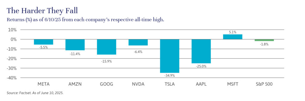 Still, AI has tested investors’ patience lately. After years of dramatic market outperformance, the share price of most members of the so-called Magnificent Seven – Amazon, Alphabet, Apple, Microsoft, Nvidia, Meta and Tesla – tumbled in recent months, as illustrated by the chart below. Though several have recovered appreciably, investors are clearly looking for a payoff.
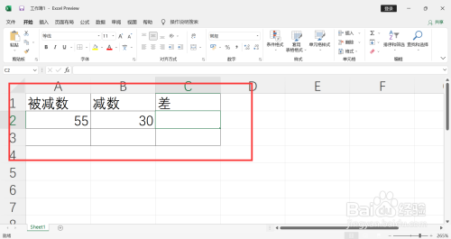 在EXCEL表格中创建减法计算表,在被减数和减数单元格内输入数据。
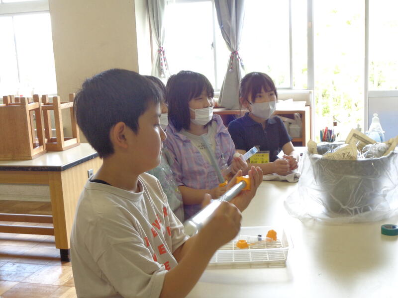 345組 理科 空気鉄砲の玉をいかにしたら遠くに飛ばせるか
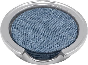 Celebrate and elevate your cocktail service with coasters featuring a richly textured weave and housed in a polished aluminum caddy.
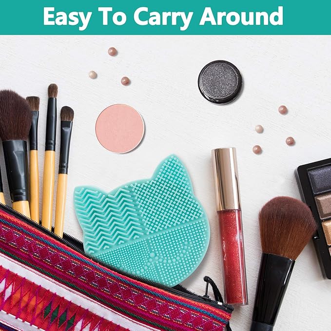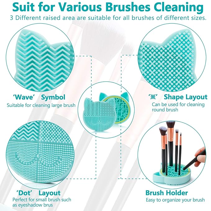 TailaiMei 2 in 1 Makeup Brush Cleaning Mat With Drying Holder, Silicon Cat Shaped Cleaner Pad, Cosmetic Organizer Rack, Portable Washing Tool for Makeup (Green)

Exercise aim: From the line containing "在EXCEL表格中创建减法计算表,在被减数和减数单元格内输入数据。" to the final line of the entries, both included, transcribe every line exactly, omit the pictures, and add nothing more.

The completed task:
 在EXCEL表格中创建减法计算表,在被减数和减数单元格内输入数据。
 345組 理科 空気鉄砲の玉をいかにしたら遠くに飛ばせるか
 Celebrate and elevate your cocktail service with coasters featuring a richly textured weave and housed in a polished aluminum caddy.
 TailaiMei 2 in 1 Makeup Brush Cleaning Mat With Drying Holder, Silicon Cat Shaped Cleaner Pad, Cosmetic Organizer Rack, Portable Washing Tool for Makeup (Green)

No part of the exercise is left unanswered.